== GIVEN DATA ==

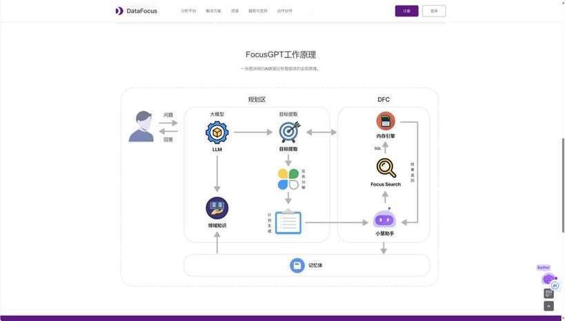 DataFocus 旗下 FocusGPT 工作原理,展示了从用户提问到任务分解,再到通过小慧助手和 Focus Search 引擎生成结果的完整流程
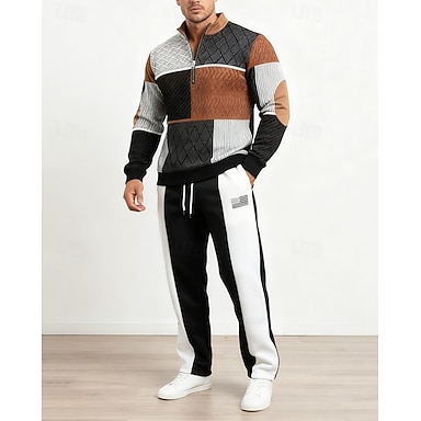 Voor heren Sweatshirt Trainingspak Kledingset Opstaand Buiten Dagelijks Sport Trekkoord Zak Halve rits Kleurenblok Amerikaanse vlag blauw Zwart Grijs Polyester Sportkleding Modieus Streetwear Lente
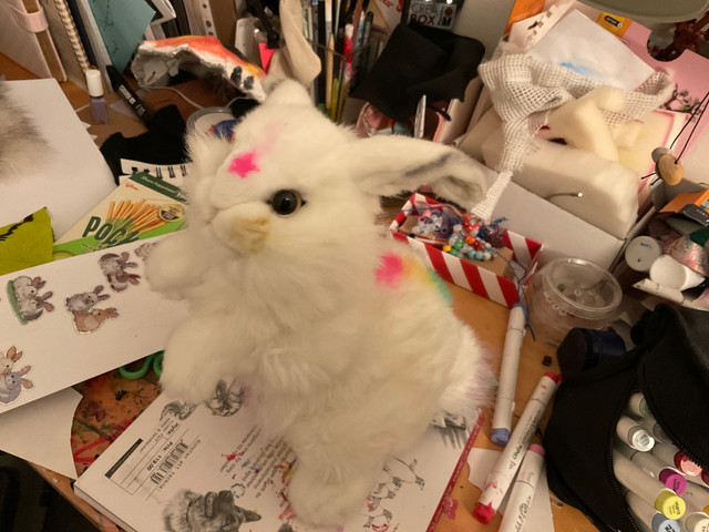 This patch was a commission for a client on Facebook. This custom embroidered iron-on patch depicts the client's pet rabbit.

== WORK TASK ==
Could every line above be set down exactly, with the pictures omitted?

== SOLVED PROBLEM ==
 DataFocus 旗下 FocusGPT 工作原理,展示了从用户提问到任务分解,再到通过小慧助手和 Focus Search 引擎生成结果的完整流程
 Voor heren Sweatshirt Trainingspak Kledingset Opstaand Buiten Dagelijks Sport Trekkoord Zak Halve rits Kleurenblok Amerikaanse vlag blauw Zwart Grijs Polyester Sportkleding Modieus Streetwear Lente
 This patch was a commission for a client on Facebook. This custom embroidered iron-on patch depicts the client's pet rabbit.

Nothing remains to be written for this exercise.